DATA RECORDS:
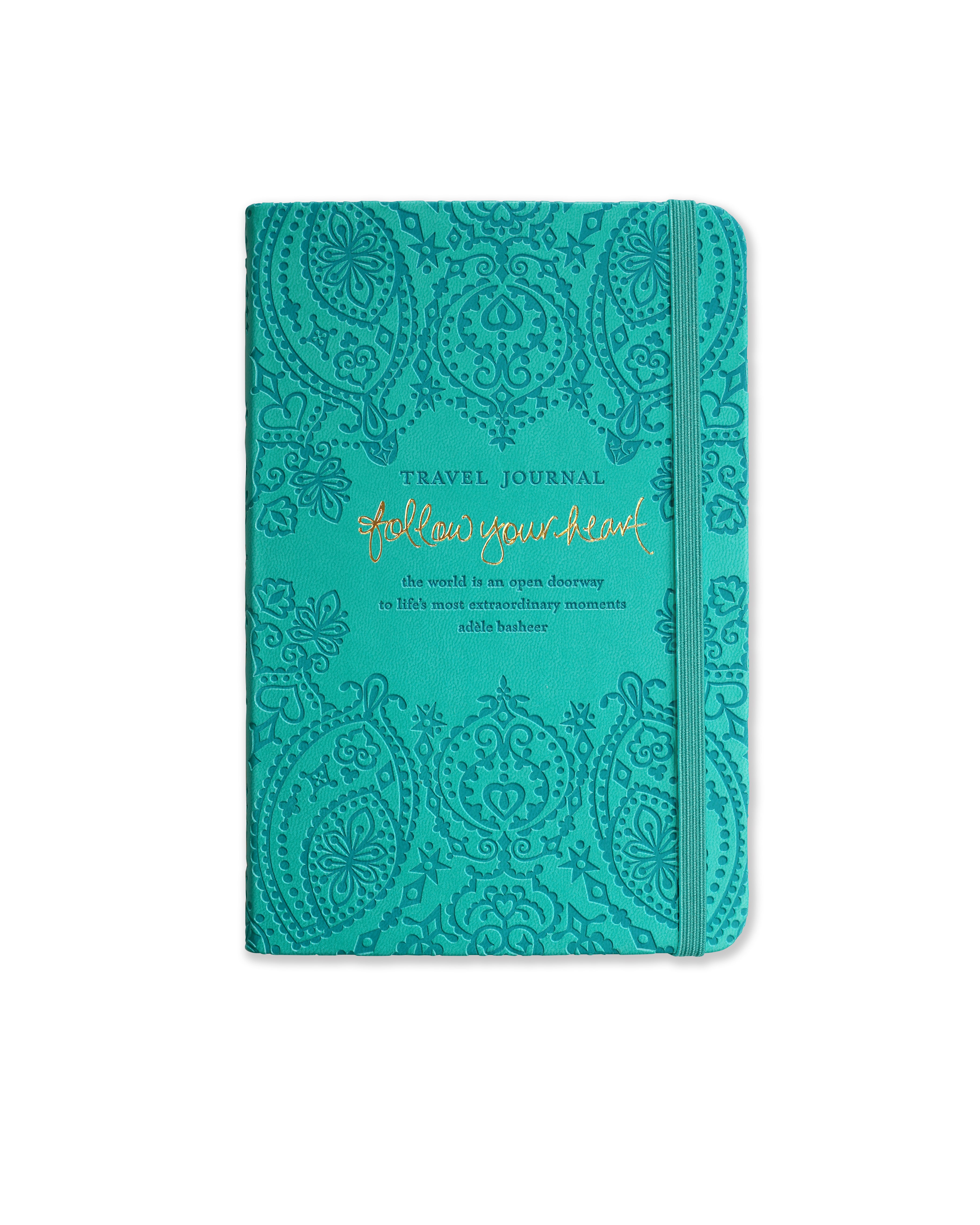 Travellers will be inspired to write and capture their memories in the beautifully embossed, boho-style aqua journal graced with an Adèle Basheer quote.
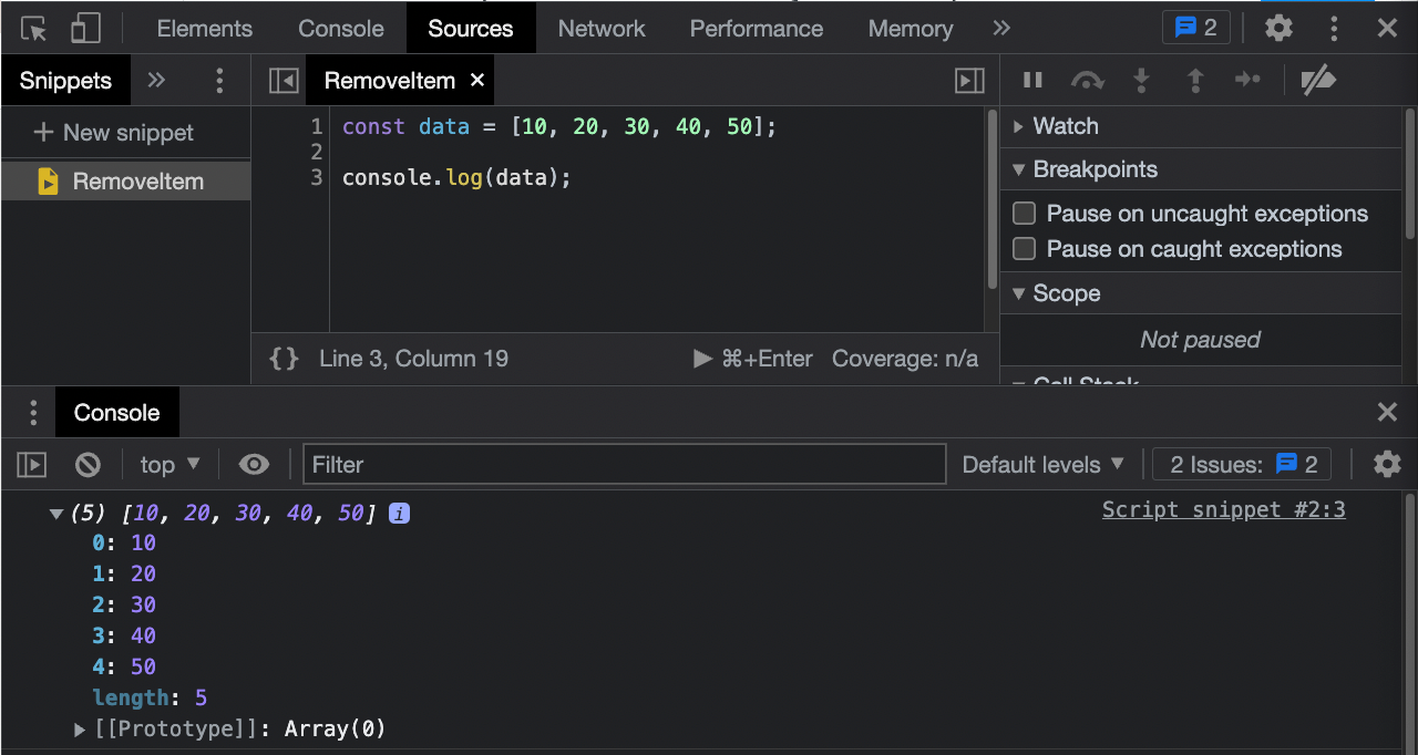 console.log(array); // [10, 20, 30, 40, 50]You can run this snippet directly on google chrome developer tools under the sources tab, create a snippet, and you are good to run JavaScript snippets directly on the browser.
* * *
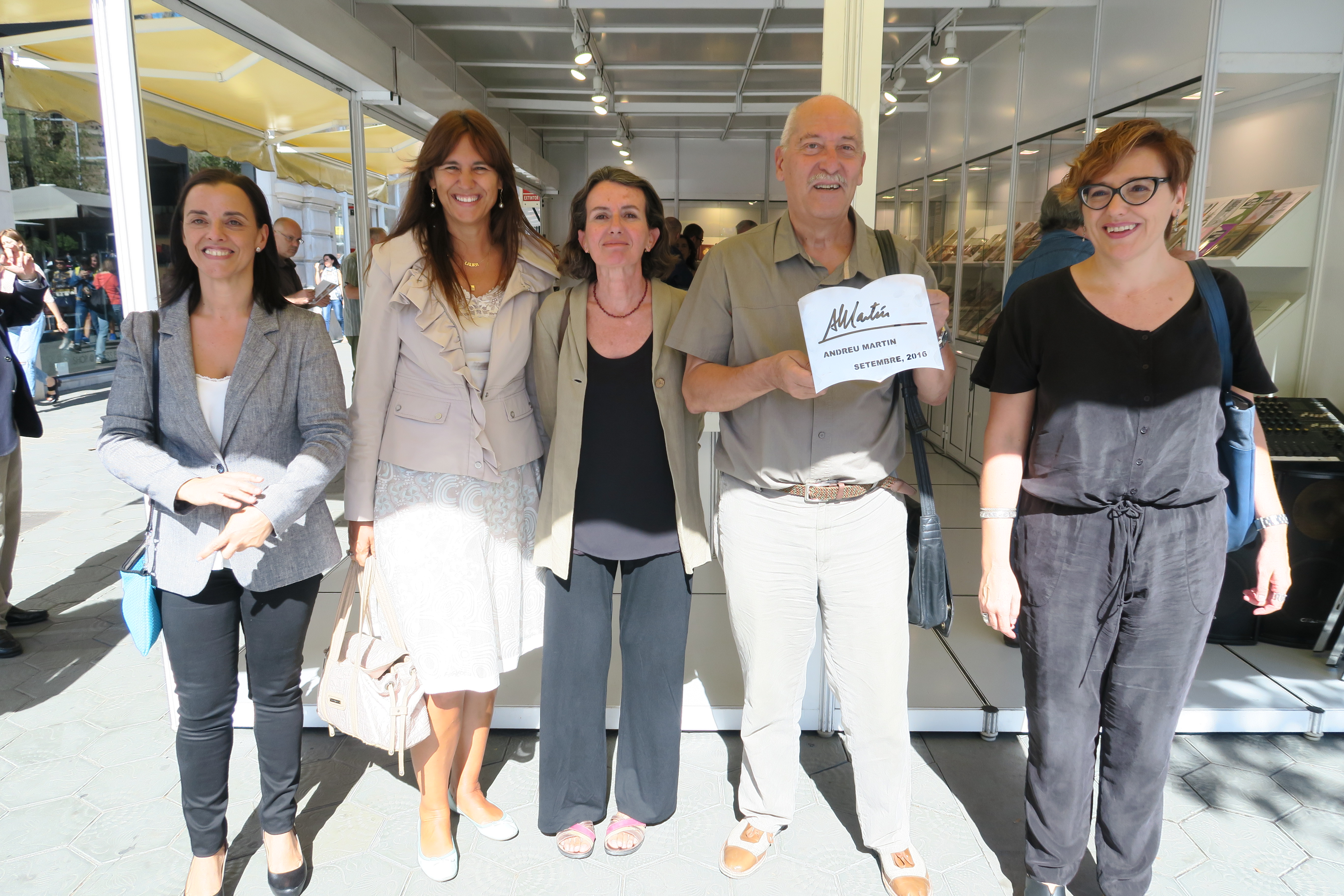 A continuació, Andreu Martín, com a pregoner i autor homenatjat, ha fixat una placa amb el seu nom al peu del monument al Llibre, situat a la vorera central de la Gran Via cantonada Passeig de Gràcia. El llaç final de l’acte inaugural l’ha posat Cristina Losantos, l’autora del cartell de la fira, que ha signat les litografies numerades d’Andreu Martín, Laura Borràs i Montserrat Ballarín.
* * *
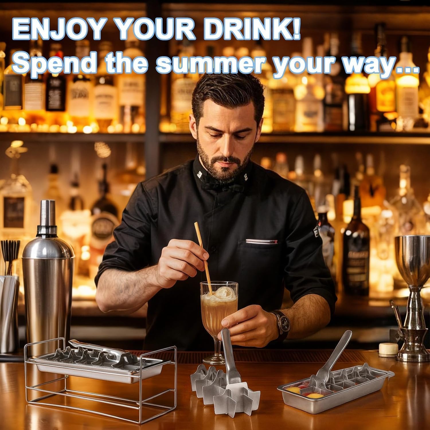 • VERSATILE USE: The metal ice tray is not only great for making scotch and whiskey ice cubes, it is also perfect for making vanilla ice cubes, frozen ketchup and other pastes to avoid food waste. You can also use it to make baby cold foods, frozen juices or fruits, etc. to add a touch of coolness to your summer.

INSTRUCTIONS FOR THE TASK: Beginning at the line above that contains "Travellers will be" and going on through the line that contains "console.log(array); // [10, 20, 30, 40, 50]You", please copy every line exactly, leaving the pictures out and adding nothing.

EXERCISE RESULT:
 Travellers will be inspired to write and capture their memories in the beautifully embossed, boho-style aqua journal graced with an Adèle Basheer quote.
 console.log(array); // [10, 20, 30, 40, 50]You can run this snippet directly on google chrome developer tools under the sources tab, create a snippet, and you are good to run JavaScript snippets directly on the browser.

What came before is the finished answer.